Materials provided:
((
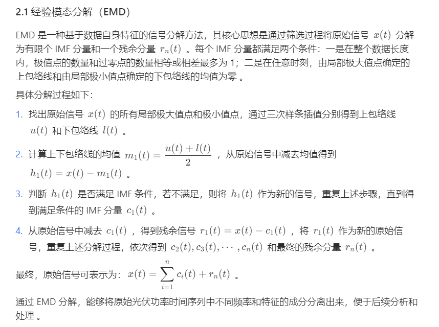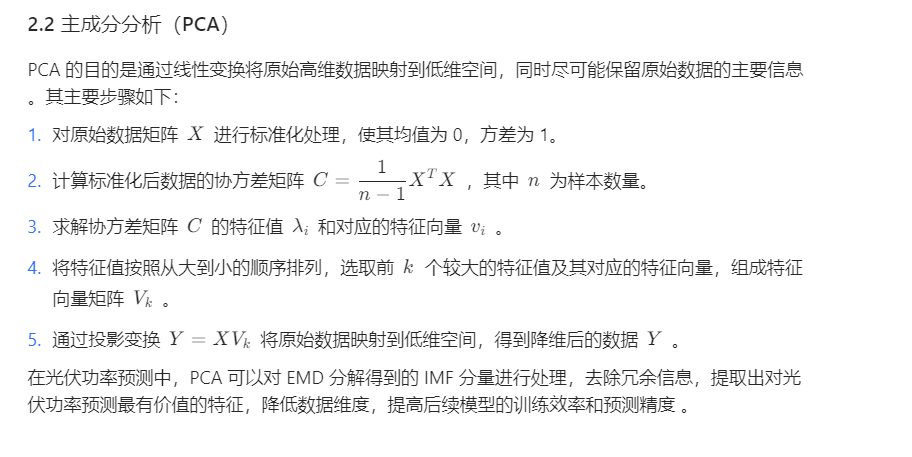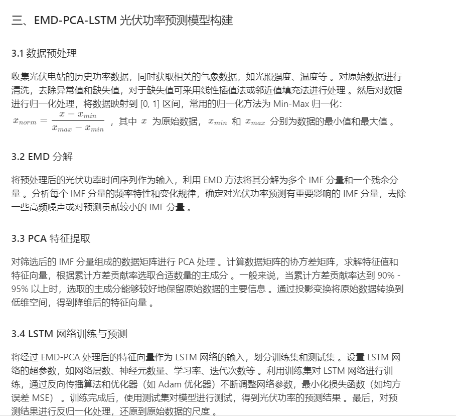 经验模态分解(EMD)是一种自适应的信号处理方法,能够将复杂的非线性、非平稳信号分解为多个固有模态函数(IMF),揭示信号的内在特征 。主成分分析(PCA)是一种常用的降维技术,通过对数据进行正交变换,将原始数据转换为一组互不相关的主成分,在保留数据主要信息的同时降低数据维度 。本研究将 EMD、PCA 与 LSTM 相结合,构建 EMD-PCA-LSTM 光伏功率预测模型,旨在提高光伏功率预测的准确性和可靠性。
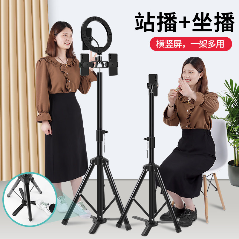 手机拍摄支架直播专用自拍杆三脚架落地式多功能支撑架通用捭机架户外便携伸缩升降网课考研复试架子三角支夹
))
((
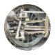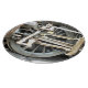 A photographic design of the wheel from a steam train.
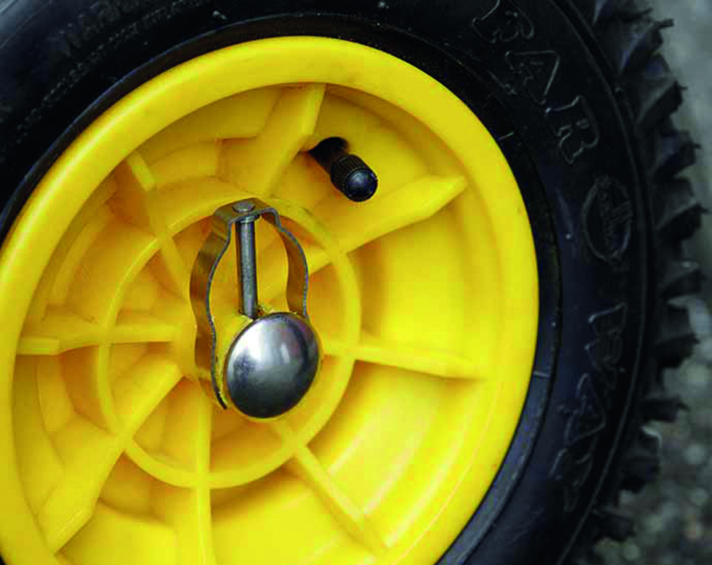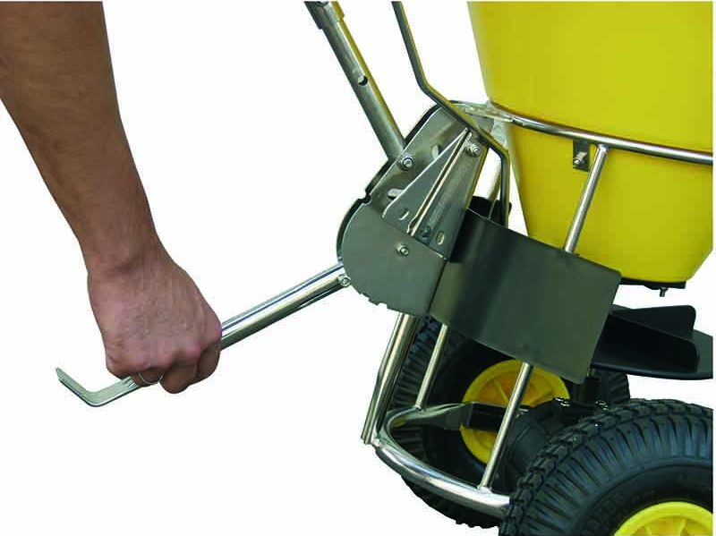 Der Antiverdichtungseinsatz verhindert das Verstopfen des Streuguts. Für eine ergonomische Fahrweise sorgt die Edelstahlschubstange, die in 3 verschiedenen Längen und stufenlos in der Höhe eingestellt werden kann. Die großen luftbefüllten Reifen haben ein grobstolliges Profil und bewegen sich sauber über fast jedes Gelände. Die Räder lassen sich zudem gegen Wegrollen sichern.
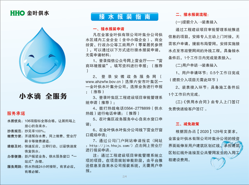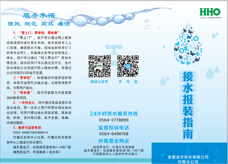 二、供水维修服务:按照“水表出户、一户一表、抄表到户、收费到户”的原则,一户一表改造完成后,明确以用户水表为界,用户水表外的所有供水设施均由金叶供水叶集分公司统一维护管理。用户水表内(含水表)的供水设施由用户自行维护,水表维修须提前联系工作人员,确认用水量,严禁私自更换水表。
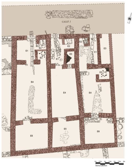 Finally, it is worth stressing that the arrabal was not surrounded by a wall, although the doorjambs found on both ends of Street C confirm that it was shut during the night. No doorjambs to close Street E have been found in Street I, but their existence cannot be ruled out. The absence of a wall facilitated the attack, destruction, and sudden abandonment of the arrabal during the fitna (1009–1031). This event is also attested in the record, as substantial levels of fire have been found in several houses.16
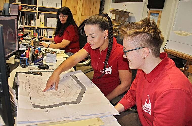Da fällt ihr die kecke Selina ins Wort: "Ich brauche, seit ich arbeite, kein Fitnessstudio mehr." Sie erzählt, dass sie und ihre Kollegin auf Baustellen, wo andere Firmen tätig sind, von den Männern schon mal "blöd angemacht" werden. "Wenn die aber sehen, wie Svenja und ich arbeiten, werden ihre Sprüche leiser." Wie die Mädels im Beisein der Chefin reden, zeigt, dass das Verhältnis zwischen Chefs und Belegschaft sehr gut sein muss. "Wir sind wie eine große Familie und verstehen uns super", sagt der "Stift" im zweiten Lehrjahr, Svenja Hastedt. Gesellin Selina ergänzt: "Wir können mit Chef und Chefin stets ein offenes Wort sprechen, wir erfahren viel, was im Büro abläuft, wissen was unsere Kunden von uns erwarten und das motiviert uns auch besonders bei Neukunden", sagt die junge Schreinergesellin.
))
((
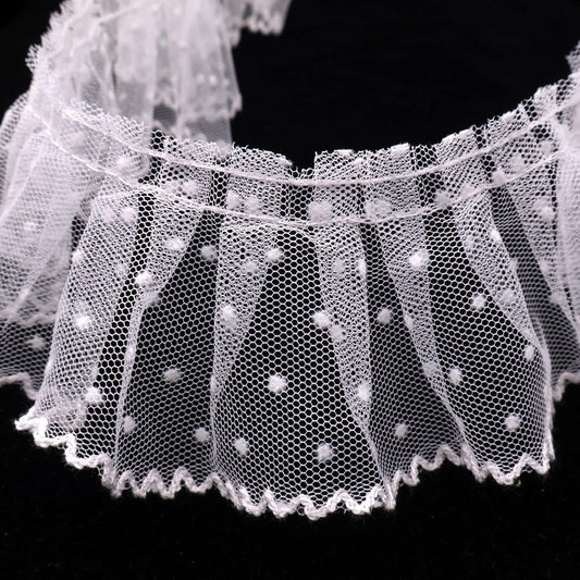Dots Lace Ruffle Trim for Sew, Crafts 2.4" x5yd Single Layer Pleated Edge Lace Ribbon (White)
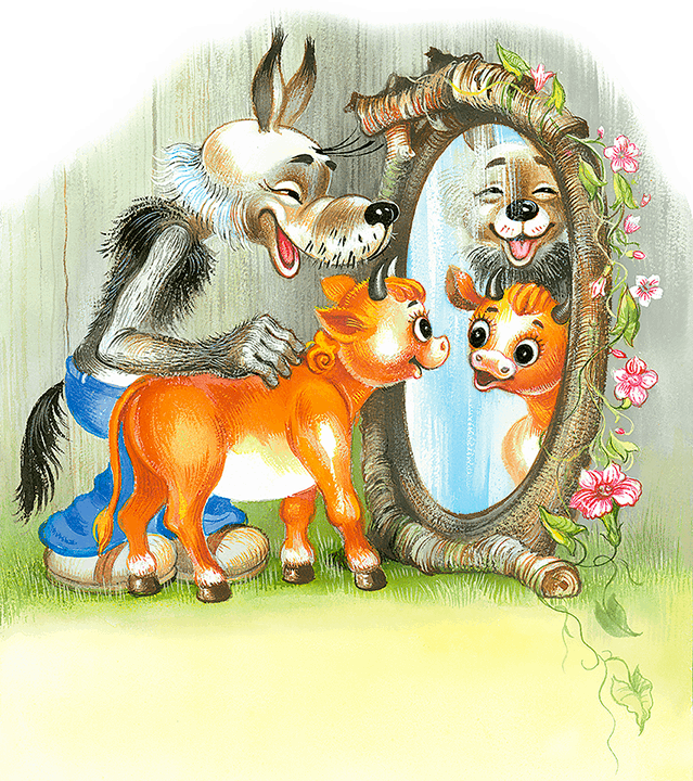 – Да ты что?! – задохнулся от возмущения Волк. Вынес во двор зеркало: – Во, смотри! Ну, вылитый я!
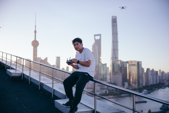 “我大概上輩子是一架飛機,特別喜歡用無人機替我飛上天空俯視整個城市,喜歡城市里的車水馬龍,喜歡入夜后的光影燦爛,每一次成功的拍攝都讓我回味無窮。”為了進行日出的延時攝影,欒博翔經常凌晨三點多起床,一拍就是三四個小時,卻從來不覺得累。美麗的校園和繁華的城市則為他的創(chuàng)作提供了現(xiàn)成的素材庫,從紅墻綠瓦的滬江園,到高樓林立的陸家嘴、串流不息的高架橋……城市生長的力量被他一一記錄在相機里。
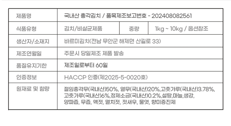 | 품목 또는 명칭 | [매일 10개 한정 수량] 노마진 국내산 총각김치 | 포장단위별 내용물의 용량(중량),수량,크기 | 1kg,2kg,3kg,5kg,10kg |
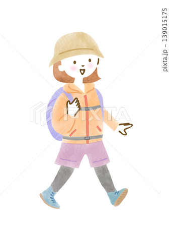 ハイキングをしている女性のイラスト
))
Task item: What is needed is an exact copy of only the lines above from the one with "相结合,构建 EMD-PCA-LSTM 光伏功率预测模型,旨在提高光伏功率预测的准确性和可靠性。" to the one with "手机拍摄支架直播专用自拍杆三", both kept, with every picture left out.

Result of this task:
 经验模态分解(EMD)是一种自适应的信号处理方法,能够将复杂的非线性、非平稳信号分解为多个固有模态函数(IMF),揭示信号的内在特征 。主成分分析(PCA)是一种常用的降维技术,通过对数据进行正交变换,将原始数据转换为一组互不相关的主成分,在保留数据主要信息的同时降低数据维度 。本研究将 EMD、PCA 与 LSTM 相结合,构建 EMD-PCA-LSTM 光伏功率预测模型,旨在提高光伏功率预测的准确性和可靠性。
 手机拍摄支架直播专用自拍杆三脚架落地式多功能支撑架通用捭机架户外便携伸缩升降网课考研复试架子三角支夹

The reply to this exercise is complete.